Segment Start: The records

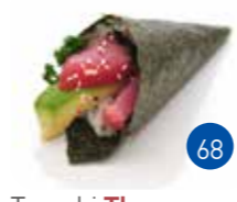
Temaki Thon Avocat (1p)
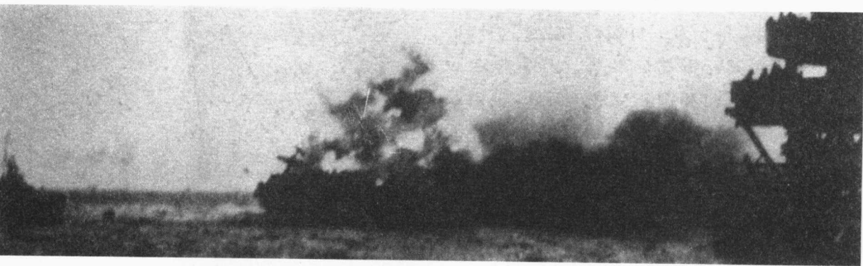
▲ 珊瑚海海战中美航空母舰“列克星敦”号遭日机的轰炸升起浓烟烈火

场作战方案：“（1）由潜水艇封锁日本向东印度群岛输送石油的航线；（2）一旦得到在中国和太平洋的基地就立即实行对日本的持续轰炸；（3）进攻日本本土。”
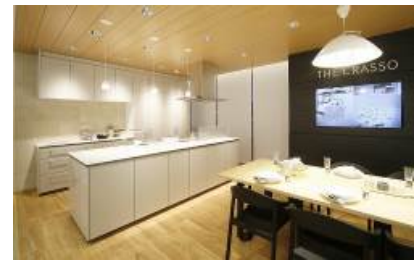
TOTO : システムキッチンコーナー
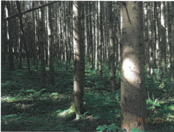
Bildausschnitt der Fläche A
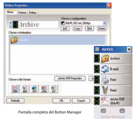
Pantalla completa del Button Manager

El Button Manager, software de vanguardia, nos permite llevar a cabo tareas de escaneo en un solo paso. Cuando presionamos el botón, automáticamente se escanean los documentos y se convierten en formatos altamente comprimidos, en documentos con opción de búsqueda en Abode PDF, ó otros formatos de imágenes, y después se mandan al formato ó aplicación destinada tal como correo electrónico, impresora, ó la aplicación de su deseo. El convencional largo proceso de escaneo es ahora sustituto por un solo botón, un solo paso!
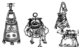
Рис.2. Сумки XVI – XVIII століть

Segment End: The records
Segment Start: The records

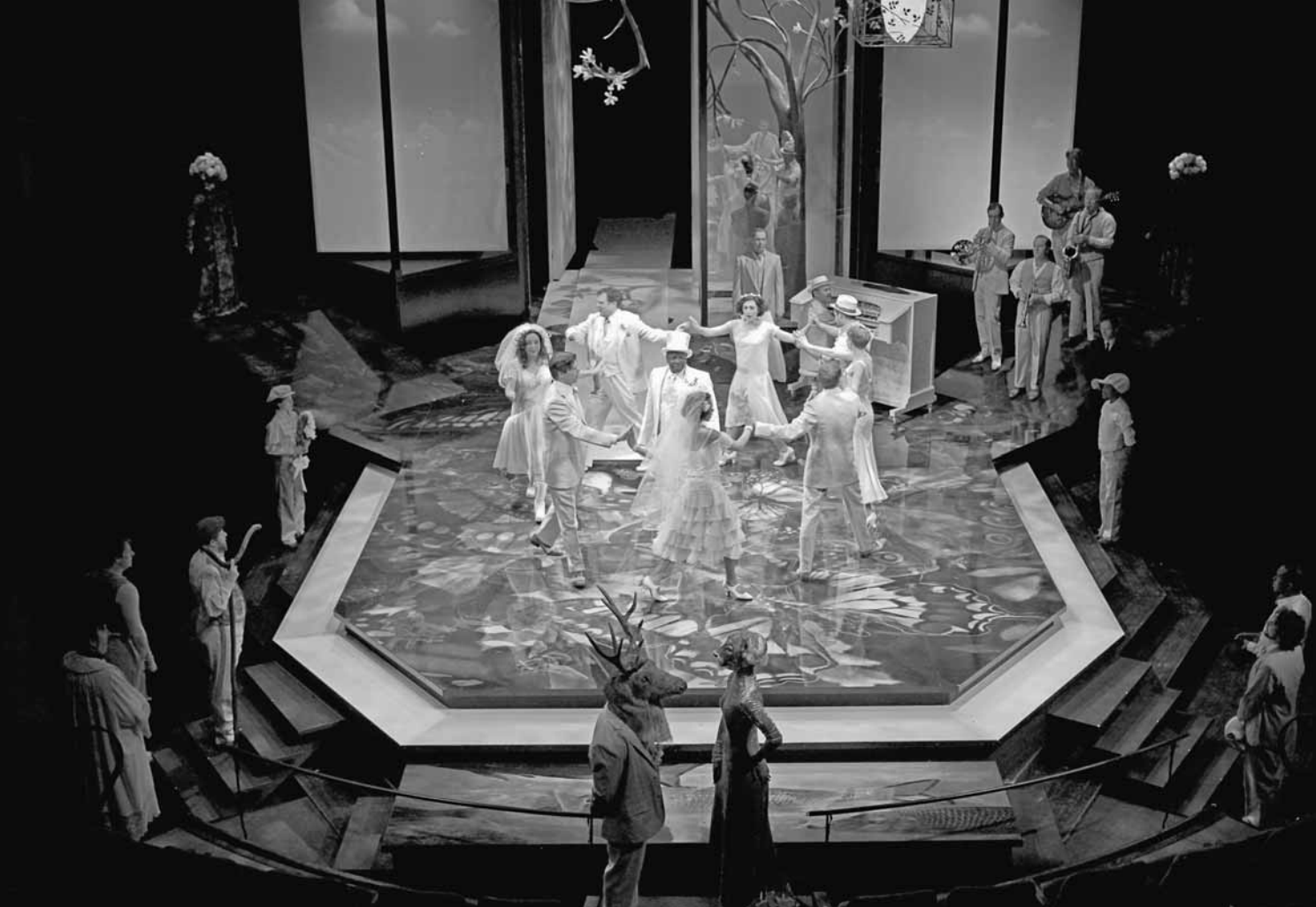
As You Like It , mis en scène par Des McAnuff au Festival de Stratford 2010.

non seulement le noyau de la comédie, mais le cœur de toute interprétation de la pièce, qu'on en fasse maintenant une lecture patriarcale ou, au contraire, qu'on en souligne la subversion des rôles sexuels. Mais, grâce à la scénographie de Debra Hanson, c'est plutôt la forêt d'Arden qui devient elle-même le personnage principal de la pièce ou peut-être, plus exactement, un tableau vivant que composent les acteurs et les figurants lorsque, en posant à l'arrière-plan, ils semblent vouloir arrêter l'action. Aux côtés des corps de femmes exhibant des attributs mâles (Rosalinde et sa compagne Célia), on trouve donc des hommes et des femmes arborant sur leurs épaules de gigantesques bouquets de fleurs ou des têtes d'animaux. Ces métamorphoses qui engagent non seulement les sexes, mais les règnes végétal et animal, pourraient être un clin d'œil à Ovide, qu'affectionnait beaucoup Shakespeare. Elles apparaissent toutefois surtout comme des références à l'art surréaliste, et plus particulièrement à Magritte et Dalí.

Segment End: The records

Task details
Report all lines of the material that contain the word "Manager".

Solution to this problem
Pantalla completa del Button Manager
El Button Manager, software de vanguardia, nos permite llevar a cabo tareas de escaneo en un solo paso. Cuando presionamos el botón, automáticamente se escanean los documentos y se convierten en formatos altamente comprimidos, en documentos con opción de búsqueda en Abode PDF, ó otros formatos de imágenes, y después se mandan al formato ó aplicación destinada tal como correo electrónico, impresora, ó la aplicación de su deseo. El convencional largo proceso de escaneo es ahora sustituto por un solo botón, un solo paso!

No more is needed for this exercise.